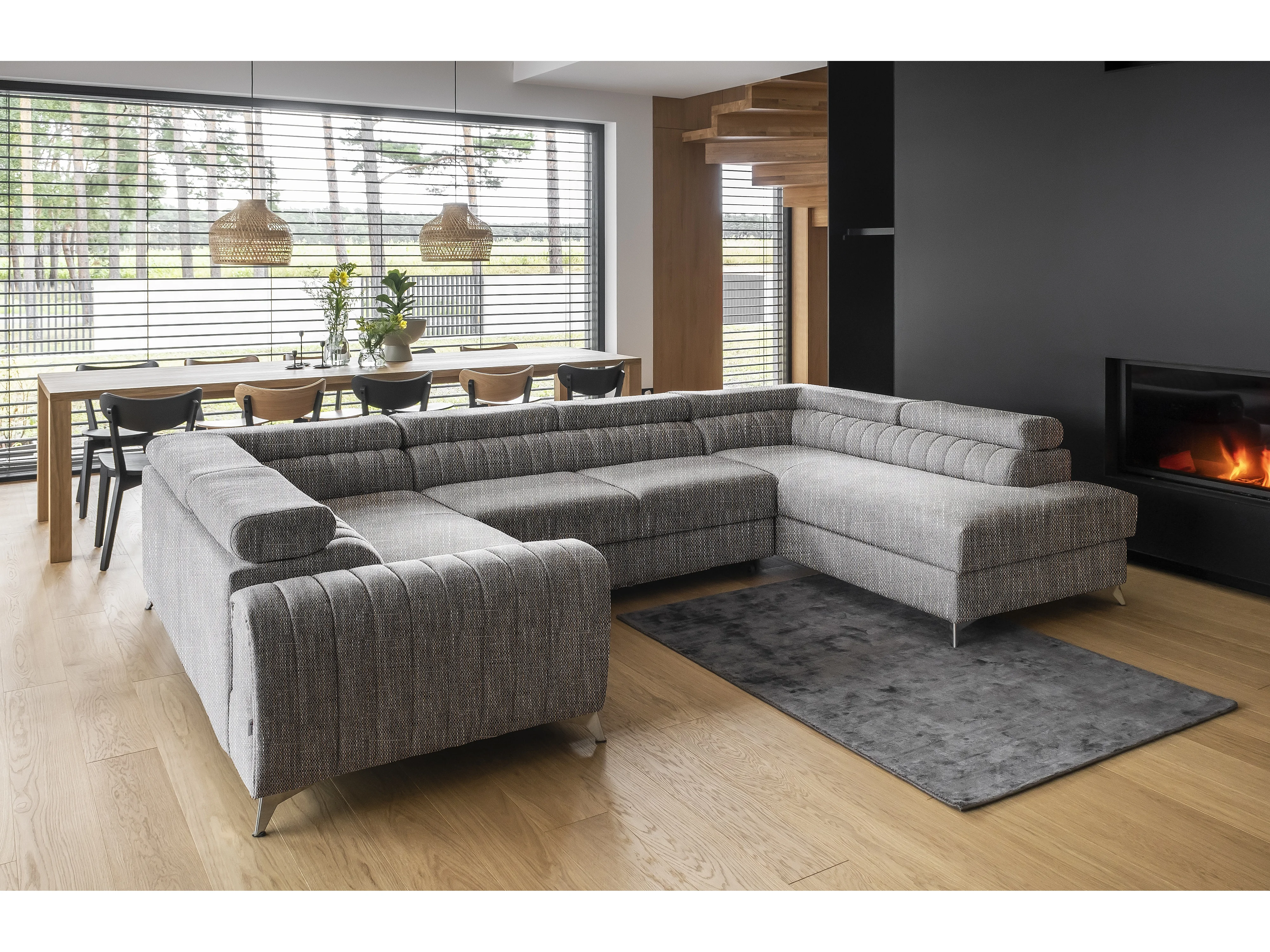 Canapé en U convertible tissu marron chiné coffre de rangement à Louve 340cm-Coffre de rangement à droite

== == ==

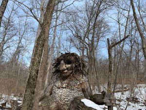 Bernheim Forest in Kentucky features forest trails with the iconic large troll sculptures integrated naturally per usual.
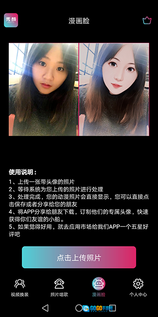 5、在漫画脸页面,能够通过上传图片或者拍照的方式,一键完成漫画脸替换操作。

== == ==

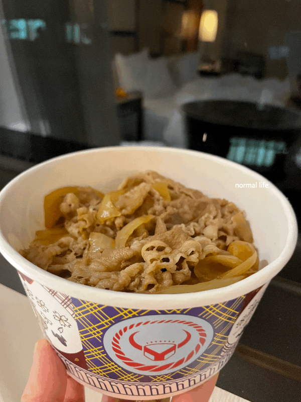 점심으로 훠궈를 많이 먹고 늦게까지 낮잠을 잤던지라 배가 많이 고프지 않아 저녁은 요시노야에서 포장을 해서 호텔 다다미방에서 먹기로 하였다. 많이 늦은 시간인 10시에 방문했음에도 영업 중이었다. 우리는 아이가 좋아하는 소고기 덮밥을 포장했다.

== == ==

TASK DETAILS
From the records above, copy only the lines running from the line holding "Bernheim Forest in" through the line holding "5、在漫画脸页面,能够通过上传图片或者拍照的方式,一键完成漫画脸替换操作。", with no pictures.

EXPECTED ANSWER
 Bernheim Forest in Kentucky features forest trails with the iconic large troll sculptures integrated naturally per usual.
 5、在漫画脸页面,能够通过上传图片或者拍照的方式,一键完成漫画脸替换操作。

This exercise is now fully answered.